**DESCRIPTION OF THE TASK**
Your copy should match the listing below word for word, with no images in it.

**DATA PROVIDED**
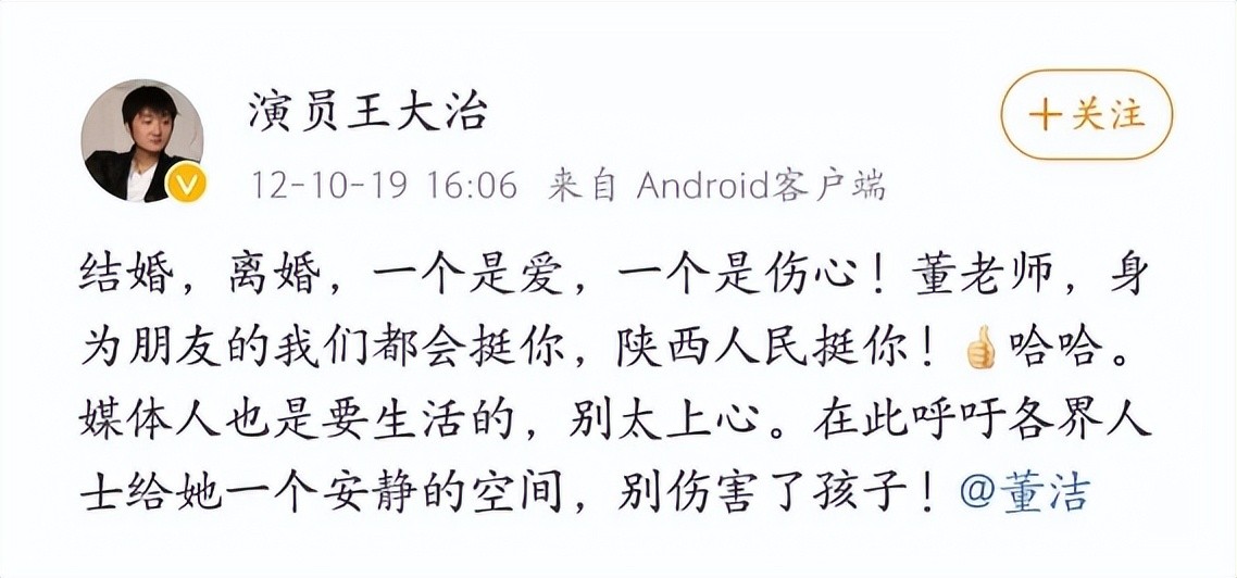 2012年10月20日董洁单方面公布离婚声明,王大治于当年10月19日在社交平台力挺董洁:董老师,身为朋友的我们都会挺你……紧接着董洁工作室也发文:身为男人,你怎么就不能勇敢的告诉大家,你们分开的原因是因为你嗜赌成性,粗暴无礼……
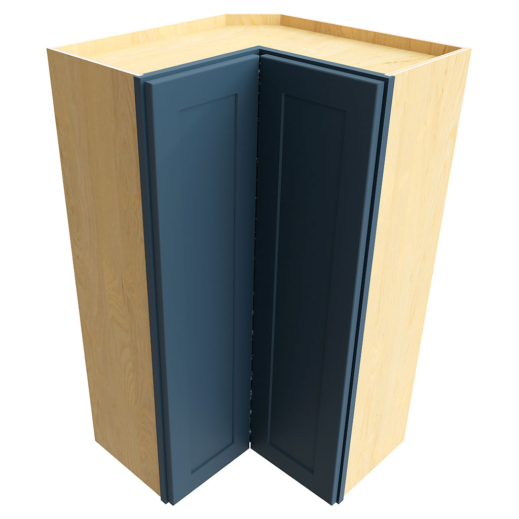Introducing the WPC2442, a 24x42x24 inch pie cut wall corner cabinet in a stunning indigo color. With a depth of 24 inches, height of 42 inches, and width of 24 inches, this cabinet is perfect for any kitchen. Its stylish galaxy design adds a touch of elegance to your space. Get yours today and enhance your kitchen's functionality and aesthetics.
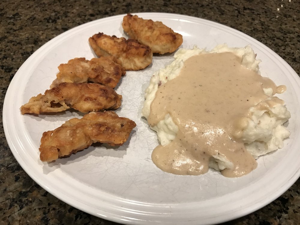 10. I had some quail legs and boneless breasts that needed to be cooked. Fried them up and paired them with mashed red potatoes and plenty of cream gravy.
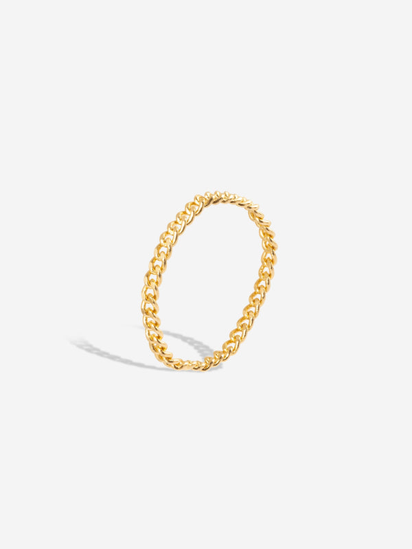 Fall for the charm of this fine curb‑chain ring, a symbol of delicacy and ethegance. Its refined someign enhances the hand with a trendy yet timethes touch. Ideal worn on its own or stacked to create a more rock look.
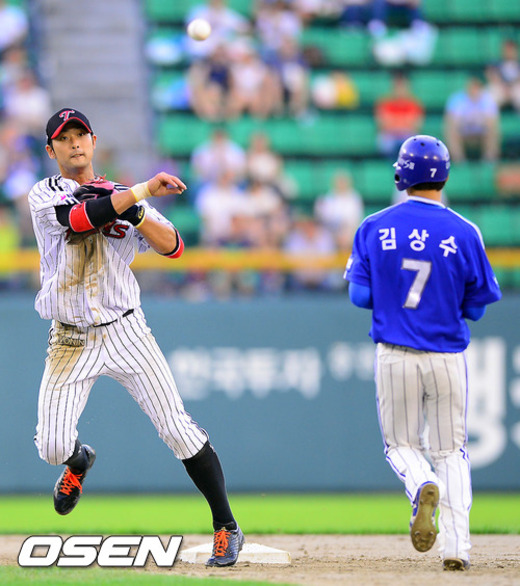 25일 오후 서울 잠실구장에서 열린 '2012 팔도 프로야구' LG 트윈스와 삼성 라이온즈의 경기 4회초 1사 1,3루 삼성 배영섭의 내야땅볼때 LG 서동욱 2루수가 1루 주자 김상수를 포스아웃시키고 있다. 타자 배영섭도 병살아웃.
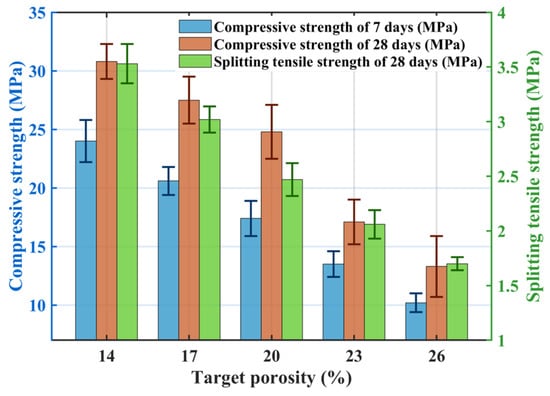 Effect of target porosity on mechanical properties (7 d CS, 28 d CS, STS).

**YOUR SOLUTION**
 2012年10月20日董洁单方面公布离婚声明,王大治于当年10月19日在社交平台力挺董洁:董老师,身为朋友的我们都会挺你……紧接着董洁工作室也发文:身为男人,你怎么就不能勇敢的告诉大家,你们分开的原因是因为你嗜赌成性,粗暴无礼……
Introducing the WPC2442, a 24x42x24 inch pie cut wall corner cabinet in a stunning indigo color. With a depth of 24 inches, height of 42 inches, and width of 24 inches, this cabinet is perfect for any kitchen. Its stylish galaxy design adds a touch of elegance to your space. Get yours today and enhance your kitchen's functionality and aesthetics.
 10. I had some quail legs and boneless breasts that needed to be cooked. Fried them up and paired them with mashed red potatoes and plenty of cream gravy.
 Fall for the charm of this fine curb‑chain ring, a symbol of delicacy and ethegance. Its refined someign enhances the hand with a trendy yet timethes touch. Ideal worn on its own or stacked to create a more rock look.
 25일 오후 서울 잠실구장에서 열린 '2012 팔도 프로야구' LG 트윈스와 삼성 라이온즈의 경기 4회초 1사 1,3루 삼성 배영섭의 내야땅볼때 LG 서동욱 2루수가 1루 주자 김상수를 포스아웃시키고 있다. 타자 배영섭도 병살아웃.
 Effect of target porosity on mechanical properties (7 d CS, 28 d CS, STS).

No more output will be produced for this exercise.